If disk costs are irrelevant, and you want the best possible
redundancy, you could try RAID-1 (in effect implemented as RAID-10).
Or maybe RAID-5 might work better than RAID-3: few people use RAID-3
today, so it is quite possible that RAID-5 implementations have been
carefully tested and tuned, and are quite fast.

Another warning: If you think RAID will give you redandancy, and at
the same time you are relying on maxing out the performance of the
disk array, you are cheating yourself. What I mean is this: If you
buy a disk array that can barely handle 200 MB/sec (meaning your
configuration is cost optimized), then it will not handle that
bandwidth in degraded mode (with a dead disk). RAID redundancy is in
some sense about preserving your data; while running with a dead disk,
the speed will be quite low. If your data is lost for good if you
can't write it to disk, you'll have to significantly overdesign your
RAID arrays to make sure they can handle the traffic even in degraded
mode. This should be less of an issue for RAID-1 (which is easier to
write to in degraded mode) than for the parity-based RAIDs.

Happy experimenting!

--
The address in the header is invalid for obvious reasons. Please
reconstruct the address from the information below (look for _).
Ralph Becker-Szendy _firstname_@lr_dot_los-gatos_dot_ca.us
Bill Todd

2005-07-17, 2:45 am

_firstname_@lr_dot_los-gatos_dot_ca.us wrote:

....

> Another warning: If you think RAID will give you redandancy, and at
> the same time you are relying on maxing out the performance of the
> disk array, you are cheating yourself.
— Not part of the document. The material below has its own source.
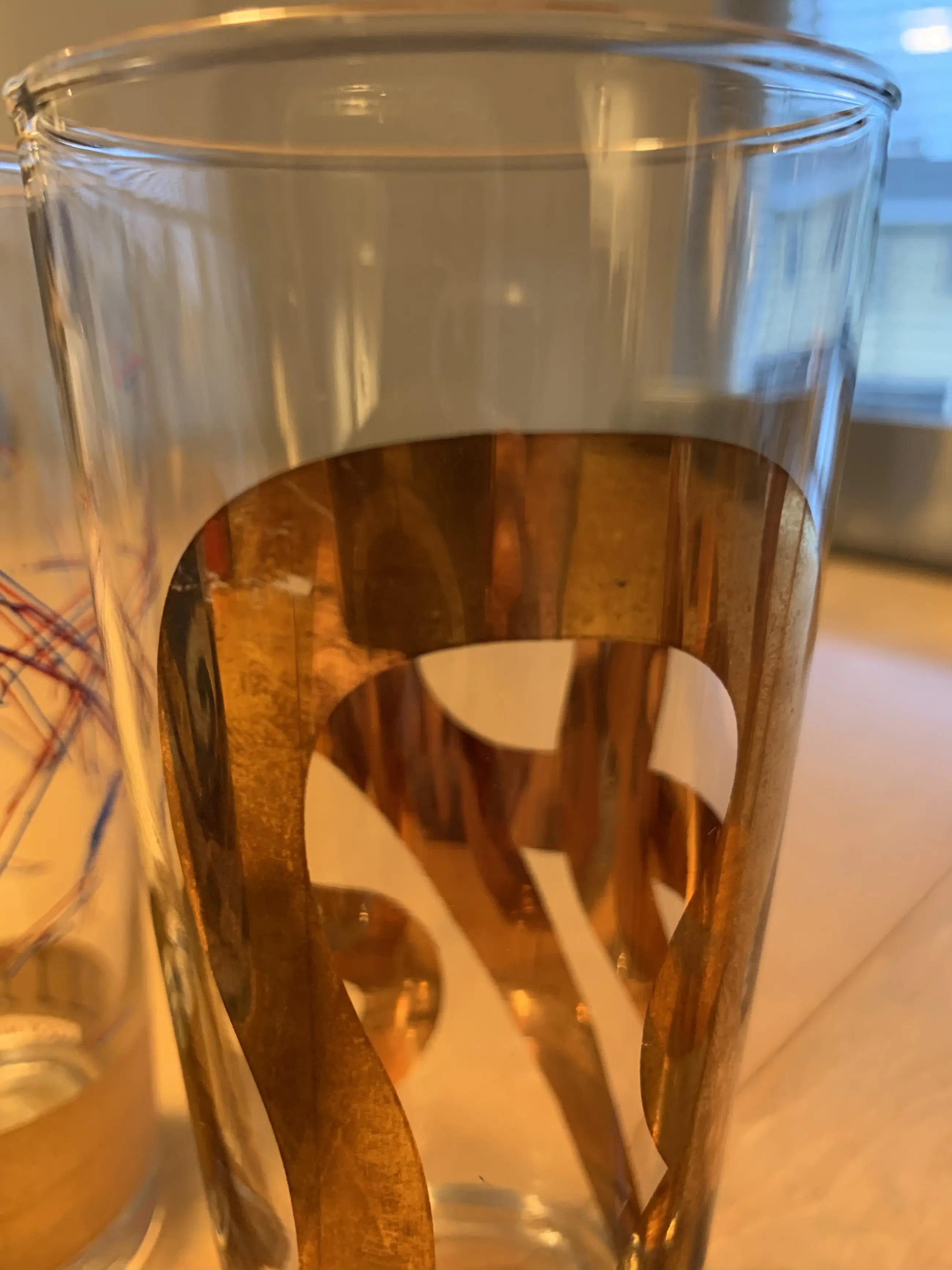 Eén glas van Röling heeft een kleine beschadiging in het gouden patroon.
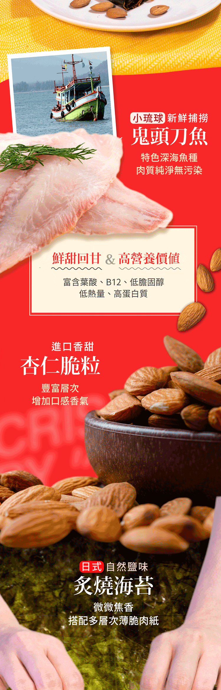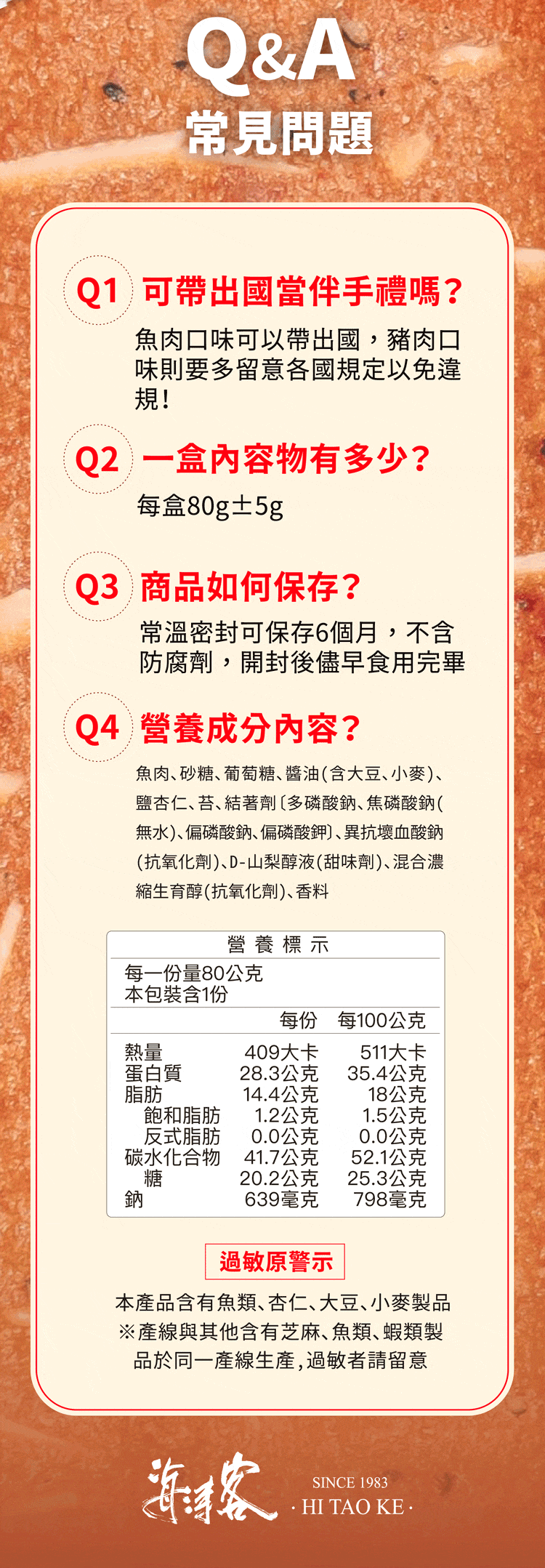 過敏原:本產品含有魚類、杏仁、大豆、小麥製品,不適合過敏體質者食用

What I mean is this: If you
> buy a disk array that can barely handle 200 MB/sec (meaning your
> configuration is cost optimized), then it will not handle that
> bandwidth in degraded mode (with a dead disk). RAID redundancy is in
> some sense about preserving your data; while running with a dead disk,
> the speed will be quite low. If your data is lost for good if you
> can't write it to disk, you'll have to significantly overdesign your
> RAID arrays to make sure they can handle the traffic even in degraded
> mode.


While I generally agree with the other points you made, my distinct
impression is that good RAID-3 implementations (unlike, say, RAID-4, -5,
or -6) suffer no noticeable performance degradation (for either reads or
writes) while running with a dead disk. That was one of the reasons I
suggested it.

- bill
_firstname_@lr_dot_los-gatos_dot_ca.us

2005-07-18, 2:46 am

In article <OJWdnYuY47nSaUTfRVn-rA@metrocastcablevision.com>,
Bill Todd <billtodd@metrocast.net> wrote:
>_firstname_@lr_dot_los-gatos_dot_ca.us wrote:
>
>...
>
>
>While I generally agree with the other points you made, my distinct
>impression is that good RAID-3 implementations (unlike, say, RAID-4, -5,
>or -6) suffer no noticeable performance degradation (for either reads or
>writes) while running with a dead disk. That was one of the reasons I
>suggested it.


I agree, and correction gladly accepted. With one minor fly in the
ointment: While the disk is dead, things should run just fine. As
soon as you put a spare disk in, the array might try to rebuild onto
the new disk; that rebuild will compete with the foreground workload.
With good systems management, this could be circumvented, for example:
once a LUN has a dead disk, slowly drain the data from it, then get
the disk array to accept a spare disk without rebuilding, for example
by destroying the LUN, and recreating it using the spare (doing all
this on a live system without having to shut the software stack down
might be tricky).

Compared to all the other questions the original poster should think
about (SCSI or FC? Commercial disk arrays or JBODs? PCI/AGP and
memory bandwidth? Redundancy or not? Stripe by hand, by LVM, or not
at all? and many others) the selection of RAID level is actually a
minor point.

--
The address in the header is invalid for obvious reasons. Please
reconstruct the address from the information below (look for _).
Ralph Becker-Szendy _firstname_@lr_dot_los-gatos_dot_ca.us
Maxim S. Shatskih

2005-07-18, 2:46 am

> Also, AFAIK the AGP bus is a superset of the PCI bus, just on a
> different connector. If you are custom-building your electronics, you
> might want to use the AGP connector.


AGP is obsolete, being replaced by PCI-X in all newer mobos, even for home
gaming platforms.

AGP is rather hardly 3D-oriented, while PCI-X is universal.

--
Maxim Shatskih, Windows DDK MVP
StorageCraft Corporation
maxim@storagecraft.com
http://www.storagecraft.com


Zak

2005-07-18, 7:46 am

Maxim S. Shatskih wrote:

> AGP is obsolete, being replaced by PCI-X in all newer mobos, even for home
> gaming platforms.


PCI-express, that is. PCI-X is 100/133 MHz PCI in servers, PCI express
is a serial version.


Thomas
jim_nospam_beasley@yahoo.com

2005-07-19, 2:46 am

I appreciate the advice. I am absorbing it a fast as I can.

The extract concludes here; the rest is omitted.